If $f''(x)+f(x)>0$ and $f(x)>0$ $\forall x\in(a,b)$; $f(a)=f(b)=0$; prove that $b-a>\pi$.
Solution 1:
I think I have a solution when $f''$ is assumed to be continuous.
When $x\in (a,b)$, we have that $\sin\left(\frac{x-a}{b-a}\pi\right)>0$ so using the first assumption, $$0<\int_a^bf(x)\sin\left(\frac{x-a}{b-a}\pi\right)dx+\int_a^bf''(x)\sin\left(\frac{x-a}{b-a}\pi\right)dx=I_1+I_2\tag{1}.$$ We have, integrating by parts and using $f(a)=f(b)=0$ that $$I_1=-\frac{\pi}{b-a}\left(\int_a^b-f'(x)\cos\left(\frac{x-a}{b-a}\pi\right)dx.\right)$$ Doing the same for $I_2$, we finally get $$\small 0<\left(\frac{(b-a)^2}{\pi^2}-1\right)\int_a^bf'(x)\cos\left(\frac{x-a}{b-a}\pi\right)=\left(\frac{(b-a)^2}{\pi^2}-1\right)\int_a^bf(x)\sin\left(\frac{x-a}{b-a}\pi\right)dx.$$ As $\int_a^bf(x)\sin\left(\frac{x-a}{b-a}\pi\right)dx>0$, we are done.
Solution 2:
My answer is under the assumption that $f$ and $f'$ are continuous on $[a,b]$ and $f''$ exists on $(a,b)$.

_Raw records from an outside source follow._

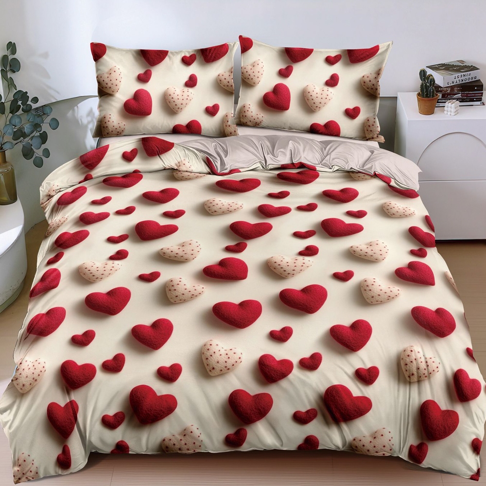 Lenjerie pat dublu cu Elastic, bumbac satinat, Bej, inimioare, Johny Home Pucioasa, cod produs: SPR-E-152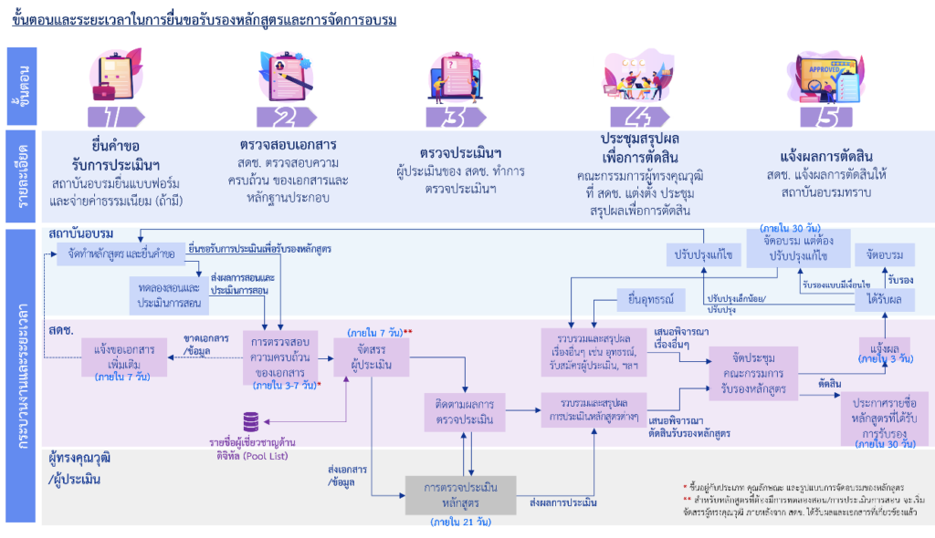 ขั้นตอนการเตรียมการเพื่อยื่นเอกสารขอรับการรับรองหลักสูตรจากสำนักงานคณะกรรมการดิจิทัลเพื่อเศรษฐกิจและสังคมแห่งชาติ (สดช.) จะมีขั้นตอนและระยะเวลาตามแผนผังดังรูป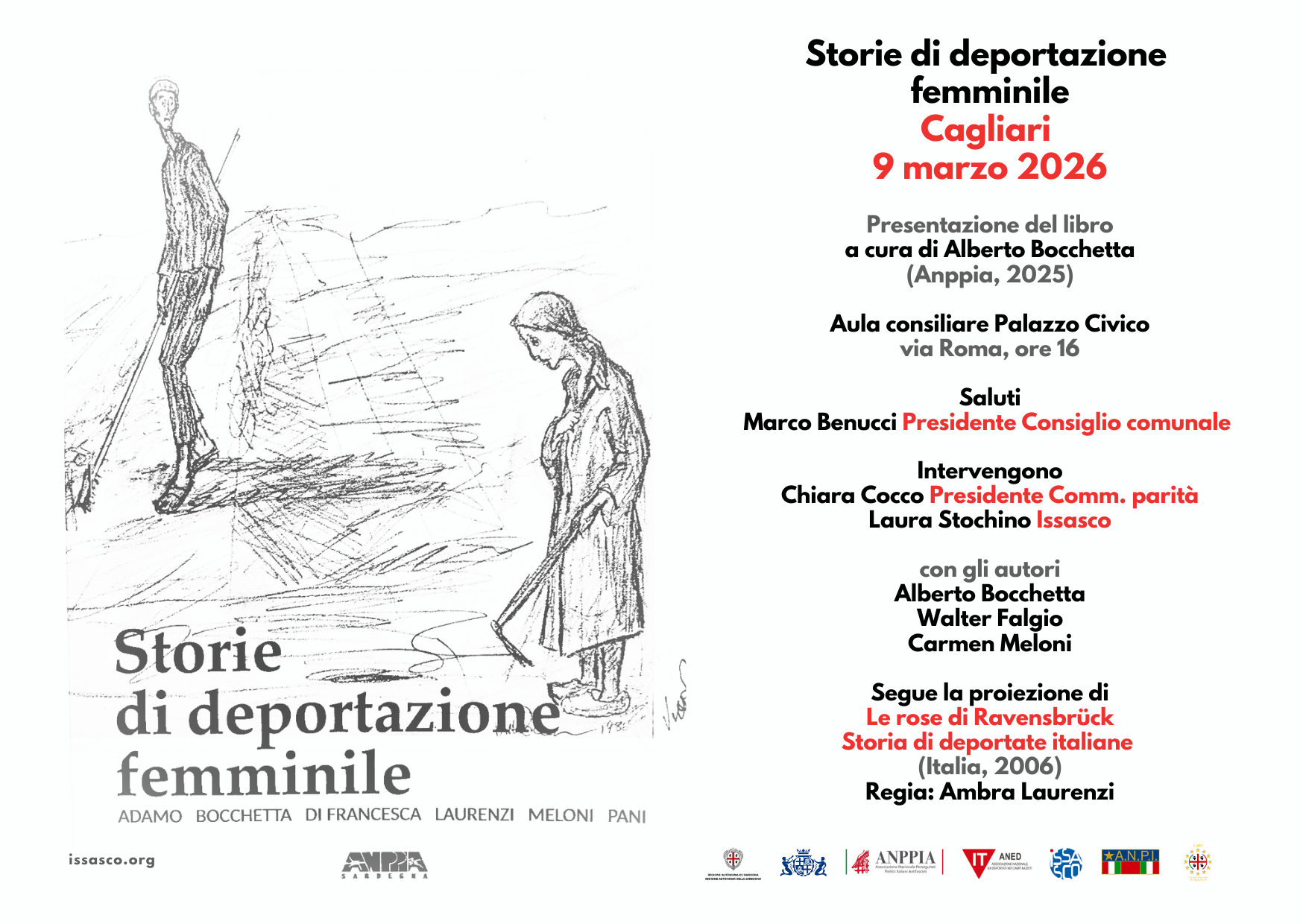 Nel pomeriggio, a partire dalle 16, nell’aula consiliare del Palazzo Civico in via Roma la presentazione pubblica del volume “Storie di deportazione femminile” (Anppia, 2025, a cura di Alberto Bocchetta), sulle vicende biografiche di donne perseguitate dal nazifascismo, con particolare attenzione al “Trasporto 91” diretto a Ravensbrück nell’ottobre del 1944. Parteciperanno, con gli autori Bocchetta, Falgio, Pani e Meloni, il presidente del Consiglio comunale Marco Benucci, la presidente della commissione Pari Opportunità Chiara Cocco e, in veste di rappresentante dell'Issasco, la consigliera Laura Stochino.

Define $$g:[a,b]\to \mathbb{R}, \quad x\mapsto f'(x)\sin(x-a)-f(x)\cos(x-a).$$ By definition, $g$ is continuous on $[a,b]$ and differentiable on $(a,b)$. Moreover, since $f(a)=f(b)=0$, $g(a)=0$ and $g(b)=f'(b)\sin(b-a)$. Then by mean value theorem, there exists $c\in(a,b)$, such that $$\frac{f'(b)\sin(b-a)}{b-a}=\frac{g(b)-g(a)}{b-a}=g'(c)=(f''(c)+f(c))\sin(c-a).\tag{1}$$ On the one hand, beacause $f(x)>0$ on $(a,b)$ and $f(b)=0$, $f'(b)\le 0$; on the other hand, $f''(c)+f(c)>0$. Combing these facts with $(1)$, we can conclude that $b-a>\pi$.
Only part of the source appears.